Acordo de Paz Social assinado pelos trabalhadores do sistema do Metro do Porto

Os trabalhadores do sistema do Metro do Porto, constituídos pelos funcionários da ViaPorto e do SMAQ, formalizaram um acordo de regulação das condições laborais até ao final da subconcessão, que visa a paz social, foco nos clientes e na abertura das novas linhas ao longos dos próximos quatro anos.

Após as greves e fracassadas negociações entre a SMAQ (Sindicato Nacional dos Maquinistas dos Caminhos de Ferro Portugueses) e a subconcessionária ViaPorto, a administração da Metro do Porto tomou a iniciativa de propor a ambas as partes o estabelecimento de um período negocial tripartido, no qual a Metro participou enquanto mediadora. “Alcançamos, em reunião tripartida ocorrida nas instalações da Administração da Metro do Porto, após vários meses de intensa negociação, o entendimento para a atualização do Acordo de Empresa com a Viaporto”.
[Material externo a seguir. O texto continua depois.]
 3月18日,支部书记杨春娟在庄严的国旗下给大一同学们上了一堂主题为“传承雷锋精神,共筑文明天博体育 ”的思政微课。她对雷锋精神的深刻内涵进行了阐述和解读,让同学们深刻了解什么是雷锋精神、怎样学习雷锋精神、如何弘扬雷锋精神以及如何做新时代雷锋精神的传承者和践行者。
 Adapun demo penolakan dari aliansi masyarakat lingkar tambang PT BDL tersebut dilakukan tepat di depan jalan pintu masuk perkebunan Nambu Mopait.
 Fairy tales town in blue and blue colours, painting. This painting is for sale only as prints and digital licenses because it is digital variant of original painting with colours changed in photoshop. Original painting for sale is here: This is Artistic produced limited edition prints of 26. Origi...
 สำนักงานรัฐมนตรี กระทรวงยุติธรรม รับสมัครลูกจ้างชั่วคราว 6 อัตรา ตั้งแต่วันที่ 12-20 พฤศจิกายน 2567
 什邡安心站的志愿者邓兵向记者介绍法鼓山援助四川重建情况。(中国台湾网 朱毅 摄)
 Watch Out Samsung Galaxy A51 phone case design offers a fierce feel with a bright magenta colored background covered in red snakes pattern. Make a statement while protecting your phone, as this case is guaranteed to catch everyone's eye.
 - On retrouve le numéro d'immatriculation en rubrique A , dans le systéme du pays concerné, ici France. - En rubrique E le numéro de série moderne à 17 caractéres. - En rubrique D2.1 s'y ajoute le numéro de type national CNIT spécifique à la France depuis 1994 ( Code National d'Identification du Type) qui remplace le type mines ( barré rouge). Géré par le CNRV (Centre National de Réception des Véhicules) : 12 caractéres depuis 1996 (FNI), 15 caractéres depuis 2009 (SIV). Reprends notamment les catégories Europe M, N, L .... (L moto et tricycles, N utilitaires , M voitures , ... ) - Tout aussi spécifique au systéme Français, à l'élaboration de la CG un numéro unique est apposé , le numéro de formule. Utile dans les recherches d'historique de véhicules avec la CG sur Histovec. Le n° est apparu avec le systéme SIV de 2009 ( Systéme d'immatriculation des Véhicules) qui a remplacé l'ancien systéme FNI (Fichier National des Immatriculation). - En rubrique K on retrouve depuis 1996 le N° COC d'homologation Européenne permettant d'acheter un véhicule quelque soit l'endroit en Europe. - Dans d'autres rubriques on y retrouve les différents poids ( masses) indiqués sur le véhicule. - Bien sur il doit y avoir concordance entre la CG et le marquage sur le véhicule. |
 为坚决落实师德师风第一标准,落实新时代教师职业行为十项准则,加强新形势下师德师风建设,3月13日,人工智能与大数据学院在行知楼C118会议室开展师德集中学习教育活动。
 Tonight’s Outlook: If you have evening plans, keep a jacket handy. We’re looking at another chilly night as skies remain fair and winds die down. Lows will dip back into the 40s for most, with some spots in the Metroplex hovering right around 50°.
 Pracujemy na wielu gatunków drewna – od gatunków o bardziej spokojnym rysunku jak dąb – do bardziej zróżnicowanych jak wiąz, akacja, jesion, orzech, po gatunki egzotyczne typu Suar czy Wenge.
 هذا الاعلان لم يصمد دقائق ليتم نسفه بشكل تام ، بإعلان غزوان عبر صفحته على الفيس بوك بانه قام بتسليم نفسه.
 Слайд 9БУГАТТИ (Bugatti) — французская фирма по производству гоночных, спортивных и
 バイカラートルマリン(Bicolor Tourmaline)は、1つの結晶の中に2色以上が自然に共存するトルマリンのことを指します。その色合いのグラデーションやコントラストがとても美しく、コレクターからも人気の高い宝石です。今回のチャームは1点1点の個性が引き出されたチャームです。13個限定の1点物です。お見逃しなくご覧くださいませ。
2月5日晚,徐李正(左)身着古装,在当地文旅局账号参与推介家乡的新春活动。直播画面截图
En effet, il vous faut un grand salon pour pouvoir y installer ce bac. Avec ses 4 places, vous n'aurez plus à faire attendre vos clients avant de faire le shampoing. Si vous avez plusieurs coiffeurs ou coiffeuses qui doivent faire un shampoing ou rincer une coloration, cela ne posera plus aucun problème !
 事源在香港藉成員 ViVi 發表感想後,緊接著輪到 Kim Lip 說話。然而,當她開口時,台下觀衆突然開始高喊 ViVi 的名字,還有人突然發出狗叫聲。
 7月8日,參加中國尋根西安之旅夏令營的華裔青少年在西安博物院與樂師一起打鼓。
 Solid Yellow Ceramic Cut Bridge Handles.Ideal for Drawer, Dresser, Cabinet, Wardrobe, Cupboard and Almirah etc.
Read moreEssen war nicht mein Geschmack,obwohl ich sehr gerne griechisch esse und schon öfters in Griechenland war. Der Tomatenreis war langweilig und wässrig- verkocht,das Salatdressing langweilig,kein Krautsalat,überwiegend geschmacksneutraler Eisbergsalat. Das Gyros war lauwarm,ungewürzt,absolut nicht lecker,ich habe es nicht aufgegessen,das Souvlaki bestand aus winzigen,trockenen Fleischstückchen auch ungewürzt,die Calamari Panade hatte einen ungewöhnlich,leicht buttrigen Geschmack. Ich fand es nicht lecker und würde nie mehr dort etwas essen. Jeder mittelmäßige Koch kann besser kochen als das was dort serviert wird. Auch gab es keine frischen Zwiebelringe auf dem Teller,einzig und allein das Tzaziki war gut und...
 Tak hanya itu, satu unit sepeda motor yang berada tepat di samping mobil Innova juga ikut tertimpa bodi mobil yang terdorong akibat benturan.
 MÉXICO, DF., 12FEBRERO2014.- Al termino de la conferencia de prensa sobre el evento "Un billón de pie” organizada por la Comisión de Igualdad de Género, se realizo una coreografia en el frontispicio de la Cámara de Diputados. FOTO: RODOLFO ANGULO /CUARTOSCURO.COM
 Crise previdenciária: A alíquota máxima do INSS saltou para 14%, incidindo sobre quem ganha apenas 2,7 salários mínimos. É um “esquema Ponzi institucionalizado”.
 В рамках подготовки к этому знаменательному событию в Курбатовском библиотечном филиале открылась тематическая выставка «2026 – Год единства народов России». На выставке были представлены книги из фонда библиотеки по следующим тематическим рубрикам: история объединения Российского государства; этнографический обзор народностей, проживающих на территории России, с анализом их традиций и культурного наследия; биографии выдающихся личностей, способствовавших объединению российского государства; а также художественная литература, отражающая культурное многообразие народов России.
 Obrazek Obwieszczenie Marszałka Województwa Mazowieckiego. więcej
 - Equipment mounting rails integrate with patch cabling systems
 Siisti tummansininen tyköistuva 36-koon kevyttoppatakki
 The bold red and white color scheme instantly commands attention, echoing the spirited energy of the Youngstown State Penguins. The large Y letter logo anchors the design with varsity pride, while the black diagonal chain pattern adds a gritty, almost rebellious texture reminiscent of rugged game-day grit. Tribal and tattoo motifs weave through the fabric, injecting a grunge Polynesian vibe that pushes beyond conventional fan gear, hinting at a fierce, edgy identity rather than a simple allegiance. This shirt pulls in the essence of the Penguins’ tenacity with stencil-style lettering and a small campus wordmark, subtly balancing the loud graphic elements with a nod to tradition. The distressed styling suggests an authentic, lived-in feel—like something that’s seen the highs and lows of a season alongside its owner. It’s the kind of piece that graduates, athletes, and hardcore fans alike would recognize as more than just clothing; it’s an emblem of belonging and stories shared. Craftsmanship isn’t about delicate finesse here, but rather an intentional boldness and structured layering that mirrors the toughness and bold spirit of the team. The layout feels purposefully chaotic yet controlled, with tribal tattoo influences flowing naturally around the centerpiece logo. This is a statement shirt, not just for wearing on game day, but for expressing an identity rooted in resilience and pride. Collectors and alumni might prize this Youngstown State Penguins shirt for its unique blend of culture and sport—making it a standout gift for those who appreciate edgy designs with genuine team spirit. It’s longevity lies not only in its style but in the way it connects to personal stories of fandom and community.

O acordo já assinado prevê a melhoria das condições de trabalho dos maquinistas ao serviço do sistema de Metro do Porto, incluindo actualizações remuneratórias e Paz social prolongada, permitindo a concentração de esforços e de energias nas prioridades do Metro do Porto, que se focam no serviço ao cliente e a conclusão da Linha Rosa e da extensão da Linha Amarela.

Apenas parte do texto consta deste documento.